Records to process
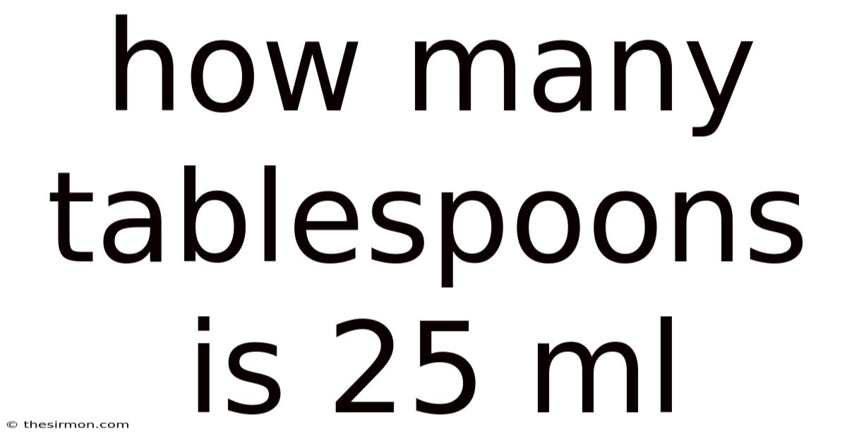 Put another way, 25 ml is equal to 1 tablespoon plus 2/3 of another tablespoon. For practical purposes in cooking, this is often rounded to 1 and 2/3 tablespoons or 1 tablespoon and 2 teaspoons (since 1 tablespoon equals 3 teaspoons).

---

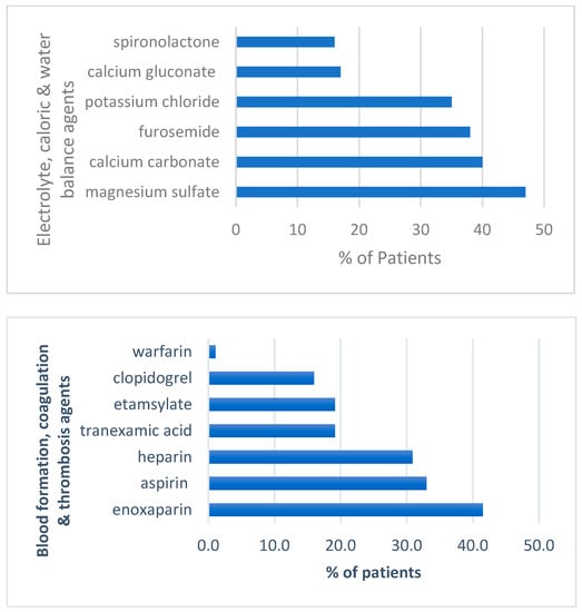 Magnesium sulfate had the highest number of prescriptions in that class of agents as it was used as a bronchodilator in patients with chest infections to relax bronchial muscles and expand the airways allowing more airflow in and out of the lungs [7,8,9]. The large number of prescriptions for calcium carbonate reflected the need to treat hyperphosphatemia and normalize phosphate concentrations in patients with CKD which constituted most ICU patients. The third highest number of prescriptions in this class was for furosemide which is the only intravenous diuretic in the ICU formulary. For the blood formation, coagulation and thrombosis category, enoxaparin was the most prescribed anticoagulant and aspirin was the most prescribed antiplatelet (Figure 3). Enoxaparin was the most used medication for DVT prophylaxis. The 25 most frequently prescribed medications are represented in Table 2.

--

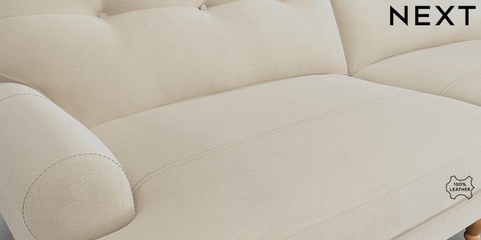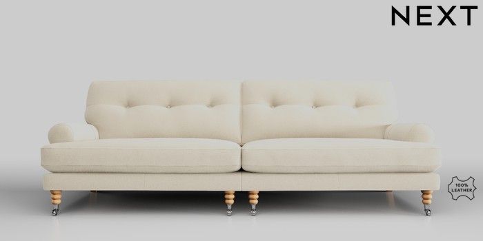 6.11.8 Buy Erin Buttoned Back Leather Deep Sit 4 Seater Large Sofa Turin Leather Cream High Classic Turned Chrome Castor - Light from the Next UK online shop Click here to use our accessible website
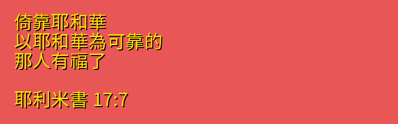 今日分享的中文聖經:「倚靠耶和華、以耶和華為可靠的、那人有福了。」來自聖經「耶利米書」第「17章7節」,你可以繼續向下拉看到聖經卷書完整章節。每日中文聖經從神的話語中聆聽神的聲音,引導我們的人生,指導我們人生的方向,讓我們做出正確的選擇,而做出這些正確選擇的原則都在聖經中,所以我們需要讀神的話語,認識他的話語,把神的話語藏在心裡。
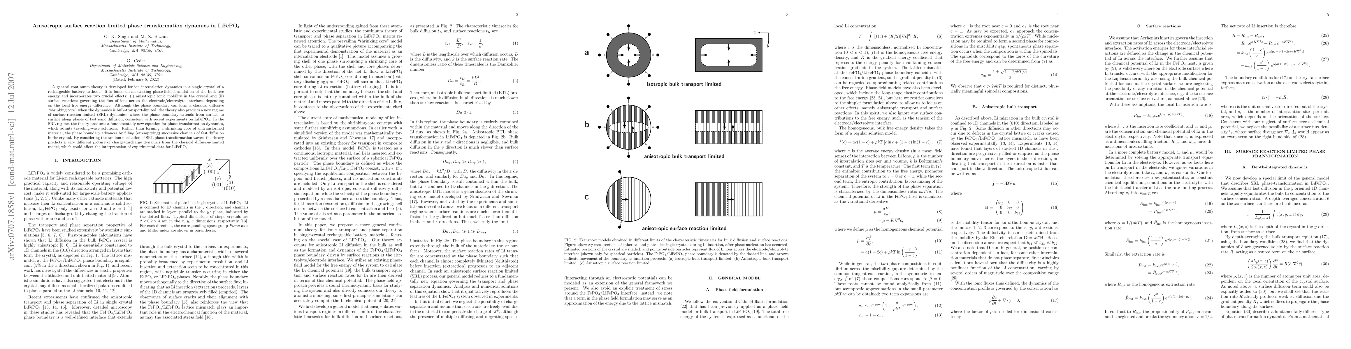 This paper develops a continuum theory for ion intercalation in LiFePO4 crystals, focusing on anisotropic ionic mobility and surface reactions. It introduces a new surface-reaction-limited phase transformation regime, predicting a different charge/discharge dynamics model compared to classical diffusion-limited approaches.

Problem to work on
From the material above, output only the span of lines that starts at the one containing "今日分享的中文聖經:「倚靠耶" and finishes at the one containing "This paper develops", word for word and free of pictures.

Solution to this task
 今日分享的中文聖經:「倚靠耶和華、以耶和華為可靠的、那人有福了。」來自聖經「耶利米書」第「17章7節」,你可以繼續向下拉看到聖經卷書完整章節。每日中文聖經從神的話語中聆聽神的聲音,引導我們的人生,指導我們人生的方向,讓我們做出正確的選擇,而做出這些正確選擇的原則都在聖經中,所以我們需要讀神的話語,認識他的話語,把神的話語藏在心裡。
 This paper develops a continuum theory for ion intercalation in LiFePO4 crystals, focusing on anisotropic ionic mobility and surface reactions. It introduces a new surface-reaction-limited phase transformation regime, predicting a different charge/discharge dynamics model compared to classical diffusion-limited approaches.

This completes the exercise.